Так что, встретясь несколько раз, мы с А.А. в главном — как бы помянули друг друга
***********
«ОНА — ОТ НАЧАЛА СОВЕРШЕНСТВО».
Может быть, на впечатление моё повлияло и то, что я читал её сразу вослед Пастернаку. И от этого: как будто вернулся на родину. Пастернак кипуче
работает над стихом, и чтенье его — тоже большая работа. Ахматова льётся — как если б мы её стихи знали отроду, ещё и не читав.
Она — от начала совершенство, от самых первых-первых молодых стихов
1909 года. Какой лаконизм и скупость на слова, ничего лишнего — и сколько же чувства! Какая интимность, задушевность— и во многих стихах подряд.
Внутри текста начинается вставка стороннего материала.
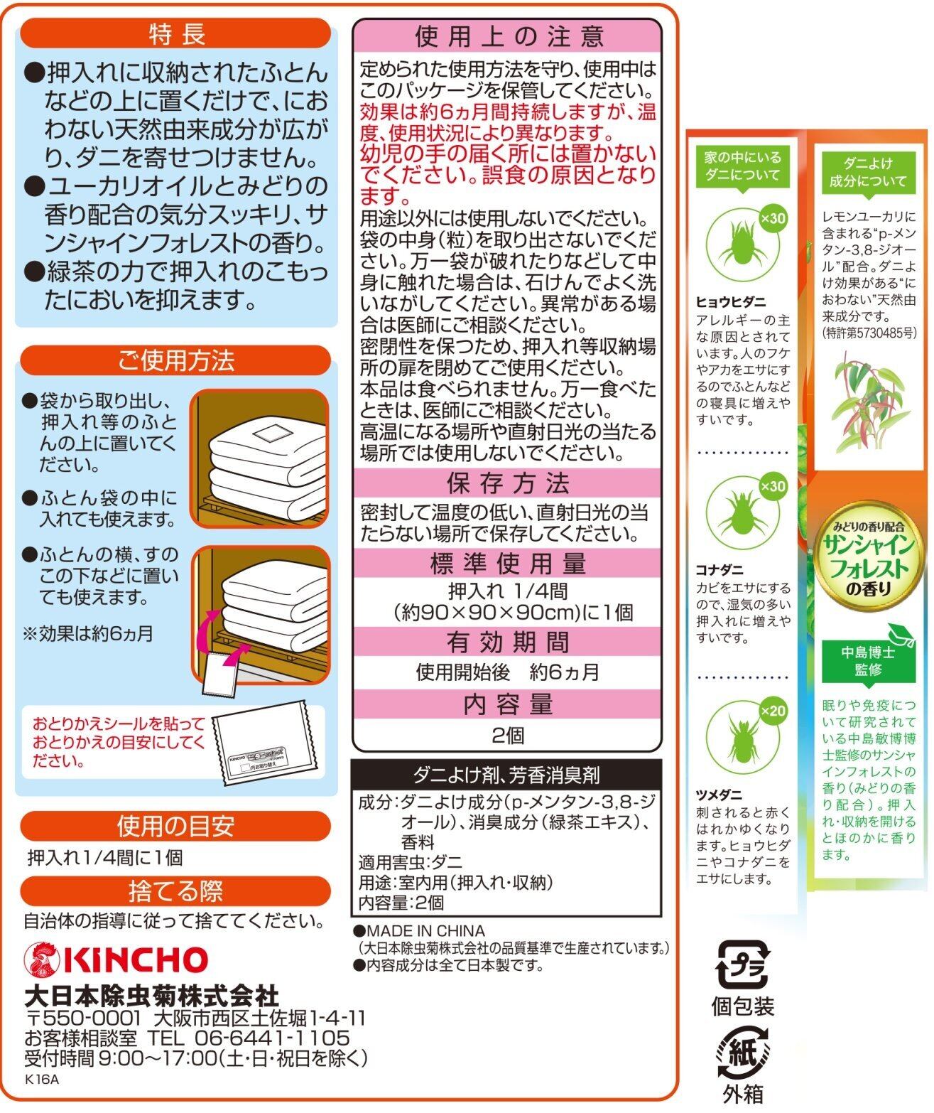 虫コナーズ KINCHO 押入れ・収納にダニコナーズ ダニよけシート 2個入 サンシャインフォレストの香り

1911: «Я тоже мраморною стану» — и сбылось. И долго: в ряду её стихов нет такого, который не хотелось бы выделить: ах, хорошо! ах, отлично! Не находишься сделать замечания, потому что стихи не сделаны, не рукотворны. И какая афористичность: никаким ненужным словом не засорённые строчки так и просятся запомнить их. Всегда — чёткий рисунок чувства, выраженный лаконично и простейшими словами. Какая простота средств! Уверенное властное чувство и звук — и никакой нарочитой метафоричности, поиска образов. Редко-редко встретится:
Слаб голос мой, но воля не слабеет,
Мне даже легче стало без любви.
Высоко небо, горный ветер веет
И непорочны помыслы мои.
Ушла к другим бессонница-сиделка,
Я не томлюсь над серою золой,
И башенных часов кривая стрелка
Смертельной мне не кажется стрелой.
Как прошлое над сердцем власть теряет!
Освобожденье близко. Все прощу.
Следя, как луч взбегает и сбегает
По влажному весеннему плющу. АННА АХМАТОВА
Вместо всяких метафор у неё — точно найденные эмоциональные детали. Например, «Смятение» в «Чётках». И все же стихи — по 8, 12 строк. Знаменитая
её перчатка с левой руки, надетая на правую. («Песня последней встречи».)
Такое впечатление, что никаких «формальных поисков» у неё за всю
жизнь не было: просто жила, и когда из души лилось, так и писала в простоте.
Так беспомощно грудь холодела,
Но шаги мои были легки.
Я на правую руку надела
Перчатку с левой руки.
Показалось, что много ступеней,
А я знала — их только три!
Между кленов шепот осенний
Попросил: «Со мною умри!
Я обманут моей унылой
Переменчивой, злой судьбой».
Я ответила: «Милый, милый —
И я тоже. Умру с тобой!»
Это песня последней встречи.
Я взглянула на темный дом.
Только в спальне горели свечи
Равнодушно-желтым огнем. АННА АХМАТОВА
— Рифм — у неё совсем никогда не замечаешь (за главным течением
чувства, она не охотится за ними и не выставляет их). Нет ярких находок,
какие врезались бы, но и никакие (долго) не кажутся примитивными, потому
что рифмы у неё совсем не живут отдельно, они органическая часть стиха.
Даже множества простых глагольных рифм долго не замечаешь, завороженный общим чувством и естественностью звучания....,,
Ну , а кто считает Солженицына писателем , тот конечно станет выделять его оценку .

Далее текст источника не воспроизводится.